Work task: Output all of the data exactly as it appears, but leave out any pictures it contains.

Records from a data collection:
┌──
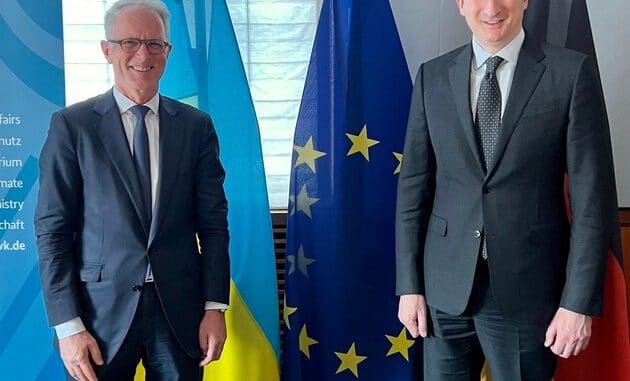 Der Minister für regionale Entwicklung der Ukraine Oleksij Tschernyschow, der von Präsident Selenskyj nach Deutschland entsandt wurde, um über die Mitgliedschaft seines Landes in der EU zu besprechen, erörterte mit dem Staatssekretär im Ministerium für Wirtschaft und Klimaschutz, Udo Philipp, die Möglichkeiten deutscher Unternehmensstandorte in ukrainischen Industrieparks.
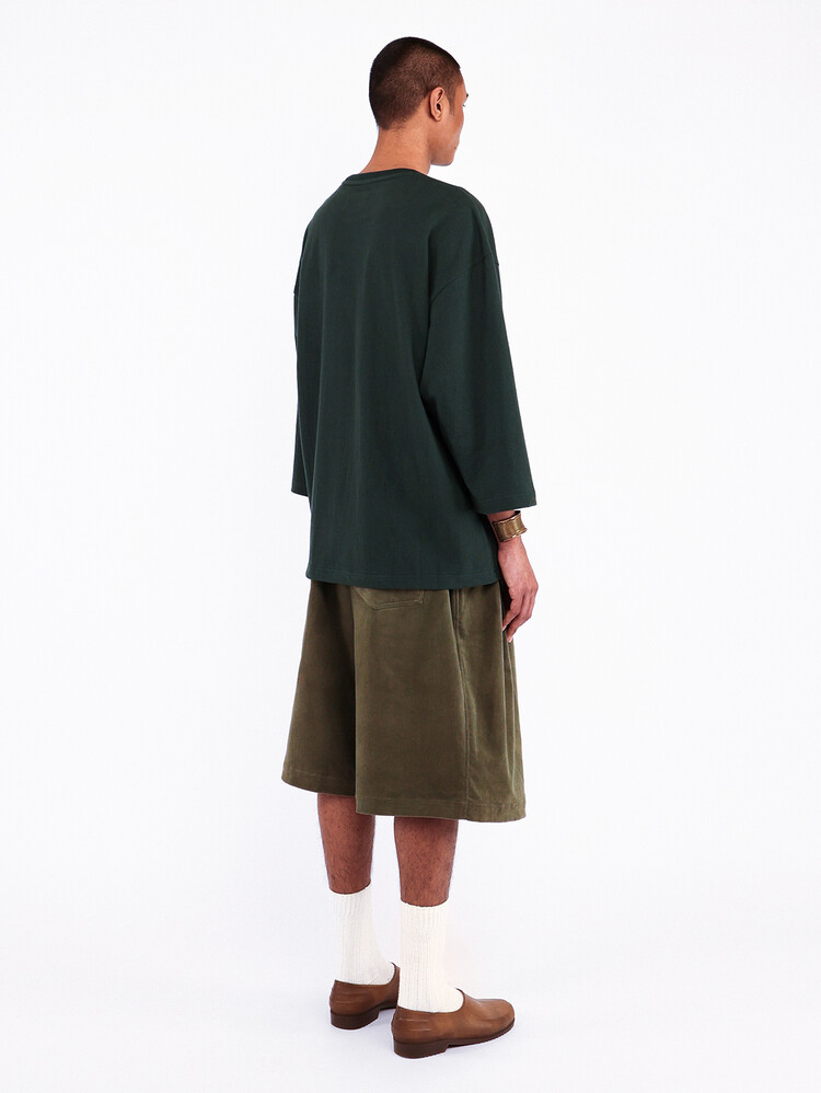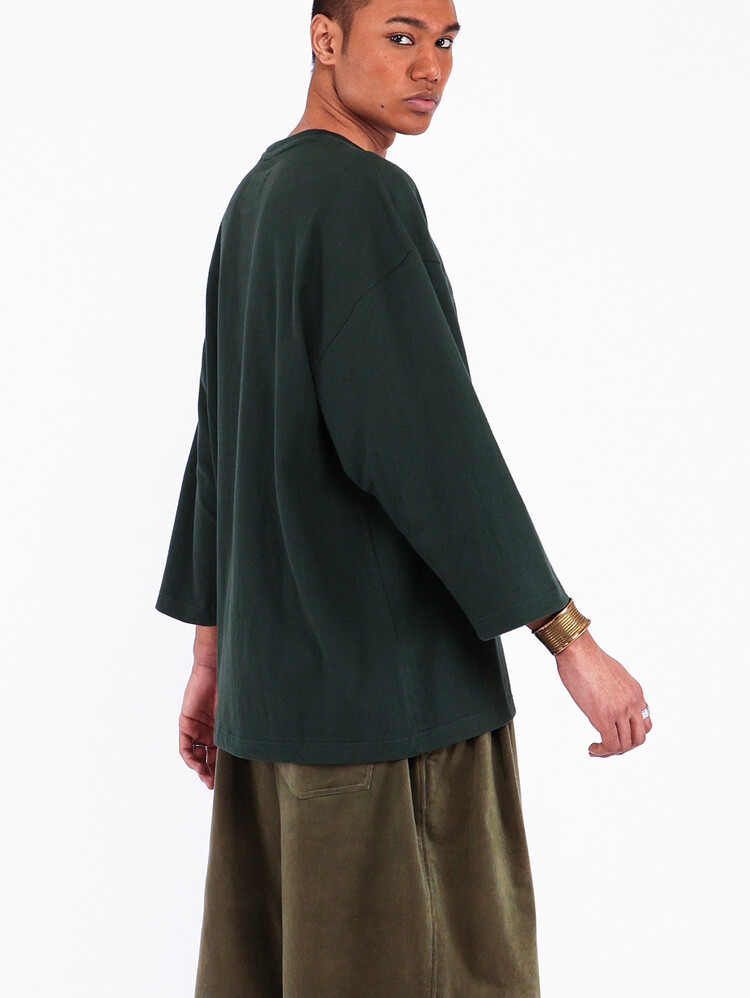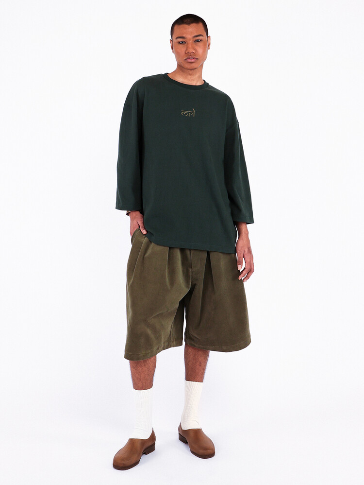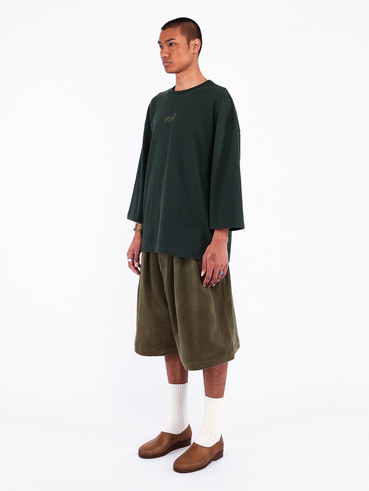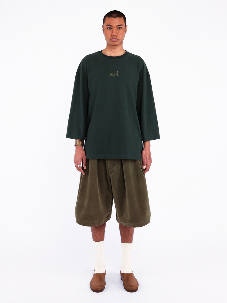 DARK GREEN MERELY INDIAN INITIAL LOGO CROPPED T-SHIRTS
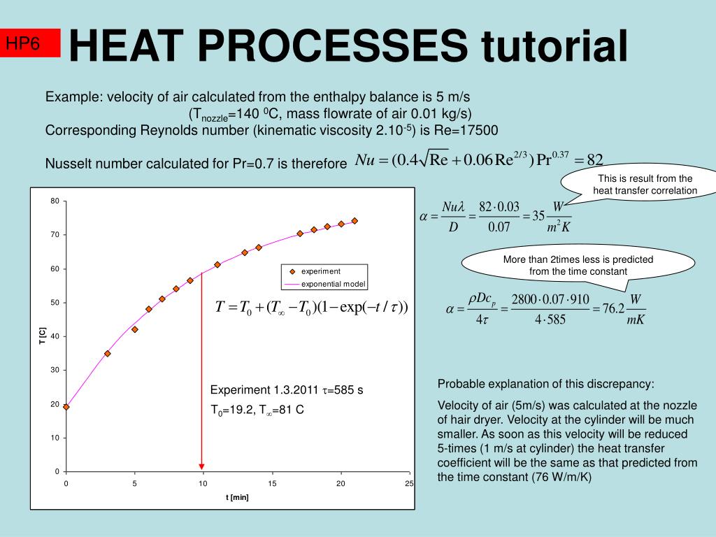 Experiment 1.3.2011 =585 s T0=19.2, T=81 C HEAT PROCESSES tutorial HP6 Example: velocity of air calculated from the enthalpy balance is 5 m/s (Tnozzle=140 0C, mass flowrate of air 0.01 kg/s) Corresponding Reynolds number (kinematic viscosity 2.10-5) is Re=17500 Nusselt number calculated for Pr=0.7 is therefore This is result from the heat transfer correlation More than 2times less is predicted from the time constant Probable explanation of this discrepancy: Velocity of air (5m/s) was calculated at the nozzle of hair dryer. Velocity at the cylinder will be much smaller. As soon as this velocity will be reduced 5-times (1 m/s at cylinder) the heat transfer coefficient will be the same as that predicted from the time constant (76 W/m/K)
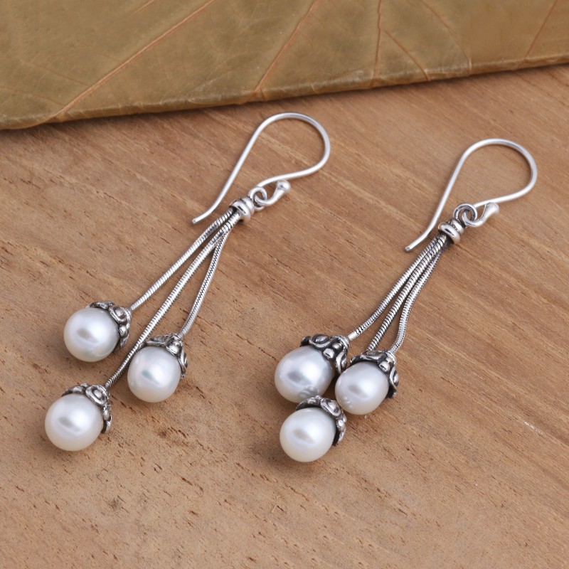 Three cultured freshwater pearls hang seductively from sterling silver cords in these magnificent dangle earrings. Hand crafted by Bali's Diah Arini, the earrings add a sumptuous touch to a late-night dinner or a dressy evening at the theater.
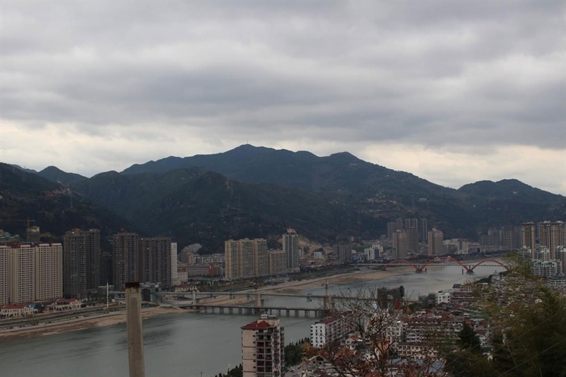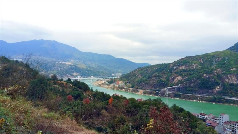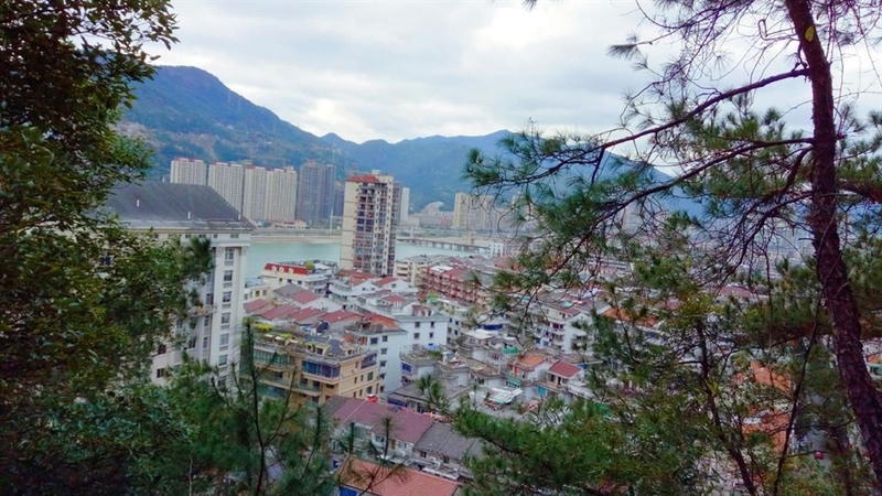 瓯江对面的高楼一丛一丛,山下的房屋摩肩接踵,它们都是红色的房顶,在瓯江的绿水环绕下显得格外亮丽。整顿休息过后再往山上去,这个季节算是冬天,但是山上还依稀留有没有落尽的秋叶。
└──
Problem solution:
 Der Minister für regionale Entwicklung der Ukraine Oleksij Tschernyschow, der von Präsident Selenskyj nach Deutschland entsandt wurde, um über die Mitgliedschaft seines Landes in der EU zu besprechen, erörterte mit dem Staatssekretär im Ministerium für Wirtschaft und Klimaschutz, Udo Philipp, die Möglichkeiten deutscher Unternehmensstandorte in ukrainischen Industrieparks.
 DARK GREEN MERELY INDIAN INITIAL LOGO CROPPED T-SHIRTS
 Experiment 1.3.2011 =585 s T0=19.2, T=81 C HEAT PROCESSES tutorial HP6 Example: velocity of air calculated from the enthalpy balance is 5 m/s (Tnozzle=140 0C, mass flowrate of air 0.01 kg/s) Corresponding Reynolds number (kinematic viscosity 2.10-5) is Re=17500 Nusselt number calculated for Pr=0.7 is therefore This is result from the heat transfer correlation More than 2times less is predicted from the time constant Probable explanation of this discrepancy: Velocity of air (5m/s) was calculated at the nozzle of hair dryer. Velocity at the cylinder will be much smaller. As soon as this velocity will be reduced 5-times (1 m/s at cylinder) the heat transfer coefficient will be the same as that predicted from the time constant (76 W/m/K)
 Three cultured freshwater pearls hang seductively from sterling silver cords in these magnificent dangle earrings. Hand crafted by Bali's Diah Arini, the earrings add a sumptuous touch to a late-night dinner or a dressy evening at the theater.
 瓯江对面的高楼一丛一丛,山下的房屋摩肩接踵,它们都是红色的房顶,在瓯江的绿水环绕下显得格外亮丽。整顿休息过后再往山上去,这个季节算是冬天,但是山上还依稀留有没有落尽的秋叶。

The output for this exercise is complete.